Over at Screen Head, they have posted an article detailing their List Of The Hardest Novels To Film. This list includes all your favorites such as Ulysses, 100 Years Of Solitude and Metamorphosis, among others. But I got to thinking, science fiction is the home of the strange and fantastic so there ought to be SF books that would be darn near impossible to put on film, at least in any comprehensible form.
But what makes a book unfilmable? Is it story structure? Narrative style? Perhaps its the sheer inventiveness and weirdness of a far-future univerese that any movie, full of needed CGI, just can't capture correctly. I'm sure our group of faithful readers, as diverse and well read in the SF field as we are, can come up with an interesting list of titles. I'll list mine, at least those I can think of, below.
Dhalgren is Samuel Delany's classic post-disaster novel of the city of Bellona. Strange things happen here: a river changes location, the protagonist looks in a mirror and sees someone else (someone vaguely familiar to the reader (hopefully)), and time passes differently for different characters. The reason for this becomes clear when the reader discovers what the central conceit of the story is, but if you haven't read it, I won't spoil it for you. Dhalgren is big, dense and complex and I don't see how this novel could ever work as movie. It would be incredibly difficult to film correctly, and we haven't even covered the themes of sex, gender and race, among others, that make this a difficult read, not to mention put on film.

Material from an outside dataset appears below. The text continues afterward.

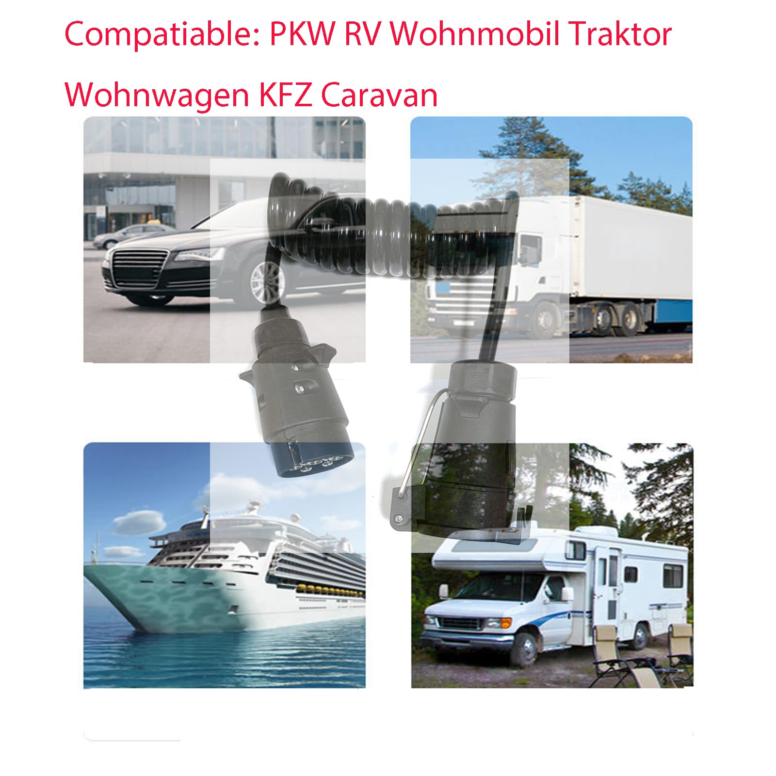 ["7-way spiral cable with 7-pin plug to 7-pin socket, suitable for connecting trailer and power supply, suitable for displaying trailer signal light","The 7-pin trailer cable is used to transfer electronic and 12V power from the vehicle to the trailer or caravan. Compatible with most European cars, trailers, motorhomes, bike carriers, trucks, tractors, and vans","Made of flexible TPU material, the 7-pin extension cable is characterized by high elasticity and good flexibility. The cable length can be extended up to 6.6ft max. recommended working length 4.9ft and automatically retracts","The durable 7-pin trailer extension cable is made of durable, waterproof, and corrosion-resistant material. Using pure copper wires enables stable and low-loss signal transmission."]

In the interest of completeness, I must admit that I tried to read Dhalgren several times before I finally managed to work through it. I found it dull and tedious each time, even when I finished it. However, that was roughly 20 years ago, so I think as an adult, I might find it more bearable to read. But we may never know, as there are so many good, new stuff coming out, I may never get around to it.
Vellum is Hal Duncan's debut novel, and I think you could consider it to be this generation's Dhalgren. At times challenging and complex, Vellum also play fast and lose with narrative and time. After a somewhat conventional start (if you consider motorcylce driving witches conventional), Vellum veers off into territory where time and space really have little meaning, preferring to focus on the characters journey of discovery. Again, with the unconventional use of time, I see no easy way to put this story on film. Its challenging enough to read, let alone try to watch and figure out what the heck is going on. See the SFSignal review for more.
So now we throw it over to you, the readers. What SF novels do you think are 'unfilmable'?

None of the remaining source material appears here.